Fig. 4. Immunofluorescence in L4/5 DRG and nerve terminals in the spinal cord (L5)

(A to C) TRPV1 IR cell bodies from vehicle- (A) and RTX-injected (B) ganglia. (C) Bar graph depicts a 66% relative decrease in TRPV1 IR cells in RTX-treated (11.1 ± 1.6%, 140 of 1259) versus contralateral ganglia (32.7 ± 3.4%, 476 of 1457; P = 0.002). (D to F) NF200-IR cell bodies were not significantly affected by RTX injection (69.3 ± 3.9%, 567 of 818) (D); vehicle-injected DRG (71.6 ± 4.7%, 985 of 1375; P = 0.27) (E). (G to I) SP-IR cell bodies in RTX-treated ganglia (10.7 ± 2.8%, 99 of 923) (G) compared with contralateral ganglia (25.8 ± 2.7%, 418 of 1621) (H) were decreased by 59% (P < 0.0001). (J to L) CGRP-IR cell bodies from vehicle-injected (27 ± 1.4%, 290 of 1055) (J) and RTX-injected (42 ± 0.7%, 440 of 1044; P = 0.005) (K) ganglia. (L) Bar graph depicts a 35.6% relative decrease. (M to O) CGRP-IR nerve terminals in the dorsal horn (DH) from vehicle- (M) and RTX-injected (N) sides of the same animal with a 40.8 ± 8.5% reduction (O) in CGRP nociceptive terminals. Cell counts are a summation of DRG sections from three animals and are expressed as % IR cells per total cells.

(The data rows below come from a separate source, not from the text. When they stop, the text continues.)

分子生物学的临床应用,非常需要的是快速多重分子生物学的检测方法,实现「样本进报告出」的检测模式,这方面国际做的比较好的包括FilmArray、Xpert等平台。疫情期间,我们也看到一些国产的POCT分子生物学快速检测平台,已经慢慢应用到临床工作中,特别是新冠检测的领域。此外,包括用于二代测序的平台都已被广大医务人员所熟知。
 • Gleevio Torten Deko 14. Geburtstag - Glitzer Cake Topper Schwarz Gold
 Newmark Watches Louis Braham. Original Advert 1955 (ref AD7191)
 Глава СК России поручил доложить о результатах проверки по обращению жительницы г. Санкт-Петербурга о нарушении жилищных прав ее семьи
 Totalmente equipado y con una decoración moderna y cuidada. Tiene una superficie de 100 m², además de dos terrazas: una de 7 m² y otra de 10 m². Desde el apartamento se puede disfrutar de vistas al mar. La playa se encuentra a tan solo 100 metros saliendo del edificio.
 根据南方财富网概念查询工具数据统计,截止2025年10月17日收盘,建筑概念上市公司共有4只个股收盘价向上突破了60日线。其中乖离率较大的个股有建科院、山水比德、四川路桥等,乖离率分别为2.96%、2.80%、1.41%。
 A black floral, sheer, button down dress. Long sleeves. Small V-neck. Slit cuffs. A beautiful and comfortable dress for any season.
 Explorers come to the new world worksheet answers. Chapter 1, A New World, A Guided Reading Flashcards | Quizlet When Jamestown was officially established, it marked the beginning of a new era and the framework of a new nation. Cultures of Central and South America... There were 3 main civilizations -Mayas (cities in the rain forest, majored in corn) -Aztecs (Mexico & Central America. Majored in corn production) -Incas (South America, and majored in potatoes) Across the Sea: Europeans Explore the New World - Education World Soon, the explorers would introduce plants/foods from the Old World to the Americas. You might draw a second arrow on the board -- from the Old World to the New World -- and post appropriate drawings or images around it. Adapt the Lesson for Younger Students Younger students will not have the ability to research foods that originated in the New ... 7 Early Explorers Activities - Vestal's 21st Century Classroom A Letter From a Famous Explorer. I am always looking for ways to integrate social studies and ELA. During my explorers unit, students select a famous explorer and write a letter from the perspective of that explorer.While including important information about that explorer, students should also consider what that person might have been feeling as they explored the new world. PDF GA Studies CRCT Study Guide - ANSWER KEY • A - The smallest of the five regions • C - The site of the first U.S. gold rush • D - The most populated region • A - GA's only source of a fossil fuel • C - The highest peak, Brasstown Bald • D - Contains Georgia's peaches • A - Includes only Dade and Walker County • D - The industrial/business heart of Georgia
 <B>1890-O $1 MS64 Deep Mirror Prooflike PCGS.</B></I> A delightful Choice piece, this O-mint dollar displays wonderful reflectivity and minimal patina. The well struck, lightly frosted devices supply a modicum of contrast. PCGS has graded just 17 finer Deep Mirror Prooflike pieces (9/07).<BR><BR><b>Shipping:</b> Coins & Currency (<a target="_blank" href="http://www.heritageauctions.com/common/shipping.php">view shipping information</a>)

Scale bars, 100 μm (A to K) and 300 μm (M and N).

Fig. 5. Comparative histology of DRG injected with either vehicle or RTX

Hematoxylin and eosin (H&E) preparation of DRG parenchyma from lumbar DRG at ×40 magnification. (A and C) DRG injected with vehicle only demonstrating multiple large-, medium-, and small-diameter cell bodies with a generally thinly dispersed and uniform distribution of satellite cells, typically arrayed linearly along axons and in single cell layers around cell bodies. (B and D) In contrast, DRG injected with RTX demonstrate an overall reduction in the number of ganglion cells and an increase in the number of intervening, multilayered satellite cells (black arrows). Additionally, in some foci, the satellite cells are seen forming small aggregates resembling the structures that have been previously described as nodules of Nageotte (black arrowheads). Scale bar, 50 μm.